But sometimes, even Christians don’t really understand, accept or believe their forgiveness. Why? Because we can’t forget what we’ve done. Consider the stories of two men who went rampaging through museums and who severely damaged great works of art. In one case, it was Rembrandt’s painting “Nightwatch”. In the other, it was Michelangelo’s sculpture of the Pieta in St. Peter’s Cathedral in Rome. What did the curators of the museums do with these great works of art that had been horribly damaged? Did they throw them out and forget about them, consigning them to the dumpster? No way! Instead, they got the best experts they could find and with the most painstaking effort, did all they could to restore the treasures.
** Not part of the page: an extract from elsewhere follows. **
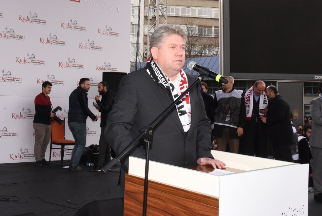 İHH Genel Başkanı Bülent Yıldırım da yaptığı konuşmada İsrail’e seslendi. Yıldırım “İsrail bu sesleri duyuyor. Bir gün sıra gelecek Kudüs’e akacağız. İsrail korkaktır, ahlaksızdır. Mavi Marmara’da en gelişmiş silahlarınızla geldiniz ve dayak yediniz. Eğer Kudüs’e Mescid-i Aksa’ya saldırmaya devam ederseniz, ateş olur üzerinize yağarız. Amerika ve İsrail zannediyor ki biz meydanlara çıkacağız birbirimizin gazını alacağız, konuşmalarını yapacağız ve sonra mesele soğuyacak biz unutacağız. Yanıldınız. Kabul etmiyoruz. Biz iman ettik ki Kudüs’ün etrafında cihad devam edecek. Biz de gerekirse mücahid olarak oralara kadar geleceğiz. Gerekirse bir kez daha Mavi Marmara’da olduğu gibi yola çıkacağız. Hava yoluyla kara yoluyla gerekirse yürüyerek gideceğiz” şeklinde konuştu.

You see, that is exactly what God does with us. We go, from time to time, on sin rampages. By our sin, we mar the beautiful artwork that is us – for we are, after all, made in God’s very own image, and what could be more beautiful than that? The “Curator” has a choice – to trash us or repair us. And He chose and chooses to repair us. How does He do it? He gets the best expert available – Jesus! But here’s the best news of all: not only does He restore us, but He makes us better than we ever were before – because when we accept Christ’s atonement by faith – God credits us with Christ’s righteousness! Romans 4:22-25 says it this way: This is why “it was credited to him as righteousness.” The words “it was credited to him” were written not for him alone, but also for us, to whom God will credit righteousness– for us who believe in him who raised Jesus our Lord from the dead. He was delivered over to death for our sins and was raised to life for our justification.

The righteousness that God credits to our account is far greater than any righteousness we have ever had. God takes the broken and marred works of art that are the men and women of His creation, forgives and repairs. His repair work is beyond perfect – for He doesn’t just restore us to our human condition, but makes us fit to be heavenly creatures, to live in His presence and to see Him face to face.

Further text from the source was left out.